• _Data extract_
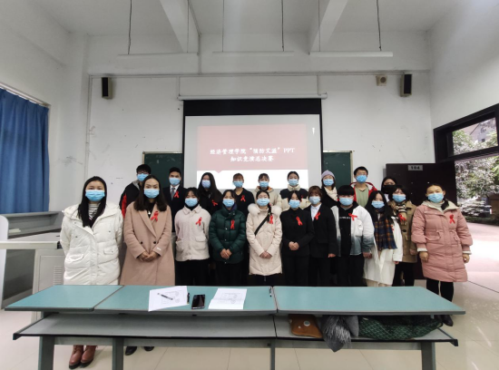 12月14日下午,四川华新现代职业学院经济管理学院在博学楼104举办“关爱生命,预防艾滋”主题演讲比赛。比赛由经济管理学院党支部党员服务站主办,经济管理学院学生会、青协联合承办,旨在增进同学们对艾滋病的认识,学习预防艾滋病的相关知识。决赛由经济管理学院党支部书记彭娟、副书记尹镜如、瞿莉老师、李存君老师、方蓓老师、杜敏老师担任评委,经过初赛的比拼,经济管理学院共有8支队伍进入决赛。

==

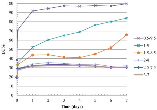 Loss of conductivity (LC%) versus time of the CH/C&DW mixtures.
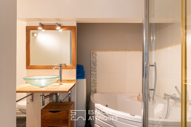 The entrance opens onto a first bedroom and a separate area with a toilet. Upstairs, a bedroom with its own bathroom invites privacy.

* * *

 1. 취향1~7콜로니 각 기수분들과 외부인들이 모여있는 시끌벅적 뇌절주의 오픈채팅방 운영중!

• _What needs to be done_
Using the records above, return word for word the lines that begin at the one containing "Loss of conductivity" and end at the one containing "The entrance opens", both of them included and no pictures.

• _Your response_
 Loss of conductivity (LC%) versus time of the CH/C&DW mixtures.
 The entrance opens onto a first bedroom and a separate area with a toilet. Upstairs, a bedroom with its own bathroom invites privacy.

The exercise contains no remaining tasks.